The Exchange adopted the Equity Rule 6950 Series to copy Nasdaq and
FINRA OATS rules, where appropriate. As a general principle, the
Exchange endeavors to keep its rules worded and structured as closely
as possible to the FINRA rules on which they are based, including
FINRA's OATS rules under its Rule 7000 Series. In instances where the
FINRA rules are inapplicable to the Exchange, such as FINRA Rule
7410(o)(2), which concerns an exception to the definition of a
Reporting Member relating to members operating on equities floors, the
Exchange has not copied those FINRA rules.
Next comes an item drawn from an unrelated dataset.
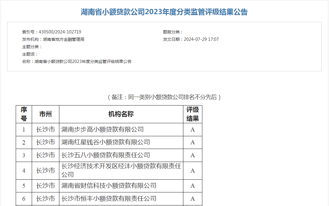 穩(wěn)健領(lǐng)航!城投小貸再獲湖南省小額貸款公司分類監(jiān)管A類評級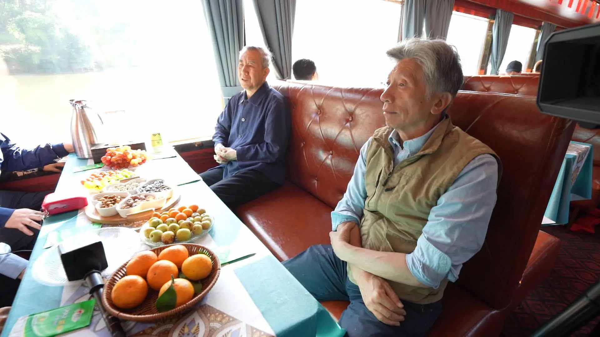 随后,书画名家们乘船沿着风景如画的明江缓缓行进,两岸的悬崖峭壁之上,一幅幅巨大的赭红色岩画,令人为之倾倒。

Generally, the Exchange also
seeks to keep the Equity Rule 6950 Series consistent with Nasdaq's Rule
7400A Series, which should also be materially identical to the related
rules of the Exchange. The proposed changes will harmonize Exchange
rules with analogous Nasdaq and FINRA rules, which have been amended
since the Exchange first adopted its rules.
First Change
The Exchange is proposing to renumber the Equity Rule 6950 Series
to a new Equity Rule 7000A Series, which is identical to how Nasdaq
presents its OATS rules. This will allow the Exchange's OATS rules to
follow the numbering convention used by Nasdaq and FINRA. Like Nasdaq,
the Exchange is proposing to add an ``A'' to each of the rules so that
they do not conflict with the existing Equity Rule 7000 Series within
the Exchange's rule book yet also follow FINRA's numbering convention.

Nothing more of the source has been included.